“The Crystal Punch Bowl,” Ensign, Dec. 1988, 40
My mother’s beautiful crystal punch bowl was to be my inheritance. As a small child, I looked forward to the two holidays of the year when this lovely, glittering piece of tableware was brought out cautiously to grace the long table in our dining room.
My mother would carefully wash it, dry it, and fill it with gallons of ruby red, bubbling punch. The ice placed in it floated like huge diamonds in a vermilion sea. All the points and crevices of the crystal would shimmer and shine, reflecting a kaleidoscope of tiny red lights that danced around the room.
For years, I entreated my mother to make me the heir of this beautiful creation. She agreed, she said, because I seemed to be the one who found the most pleasure in the crystal bowl. Each time we used it, I cautioned my mother and sisters to be careful with “my inheritance.”

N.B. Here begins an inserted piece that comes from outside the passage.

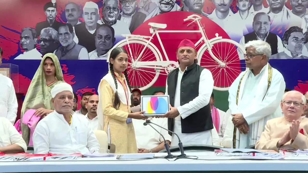 Akhilesh Yadav ipad Award Toppers: This time in the education system of Uttar Pradesh, daughters have once again proved that no obstacle can stand in front of hard work and dedication. While the UP Board 2026 results recorded a record pass percentage, the toppers’ daughters flaunted their talent across the state. In this series, National President of Samajwadi Party Akhilesh Yadav organized a special felicitation ceremony in the party office, where the topper daughters of class 10th and 12th were honored with iPads. Kashish Verma of Sitapur, Anshika Verma of Barabanki and Shikha Verma of Sitapur were specially honored in this program.
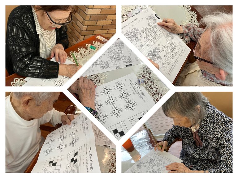 頭の体操で、言葉クイズや間違い探しをしました。

Fifty-three years ago I became a happy bride with at least one very beautiful possession. Each Christmas and on my birthday my lovely punch bowl graced my dining-room table, and everyone exclaimed over its beauty.
The babies came, one after another, until there were nine. The punch bowl continued to be a matchless symbol of beauty. There was not much else in our house that was very valuable or beautiful, and I gave strict orders that no one but me was to wash the bowl.
The Christmas of 1982 was the first without my beloved husband, and the second without our precious daughter-in-law who had been killed just eight days before Christmas the year before. The day had been a very emotional one, with nostalgic memories of both these dear people whose passing had left such a void in our lives.
I brought out my historic punch bowl, now eighty-five years old, for the family party on December 26. It reminded us of happy memories of past Christmases.
Afterward, my two granddaughters and I were cleaning up the dishes when some of the guests began to leave. I was just taking the bowl to the kitchen to wash it, and I stopped what I was doing to say good-bye. One of the girls placed my bowl in the sink and ran hot water into it. The bowl shattered into a hundred pieces!
My granddaughter turned deathly pale, and I nearly went into shock. The room was totally silent. I thought, “Not my beautiful punch bowl!”
I was devastated! There was no holding back the choking tears or the overwhelming sense of loss.
I found comfort in the arms of my son who had lost his wife. He knew what the bowl had meant to me. He also knew, and reminded me, that this was just a material thing, something for this life only.
“The bowl was a thing of beauty, Mom,” he said. “But it was not forever, like Dad is, or my dear wife.”
In a few minutes I composed myself and turned to my granddaughter. I asked her to smile, and told her that I was sorry she had to suffer over the loss.
The next day, after several hours of deliberation, I came to realize that while the bowl had been beautiful, even more valuable and precious were the gifts that my husband and I had been given for the eternities—each other, our nine children, thirty-six grandchildren, and to date, nine great-grandchildren—each one a “thing of beauty, and a joy forever.”
I called my granddaughter and assured her that the bowl wasn’t really important. We still had the things that truly mattered.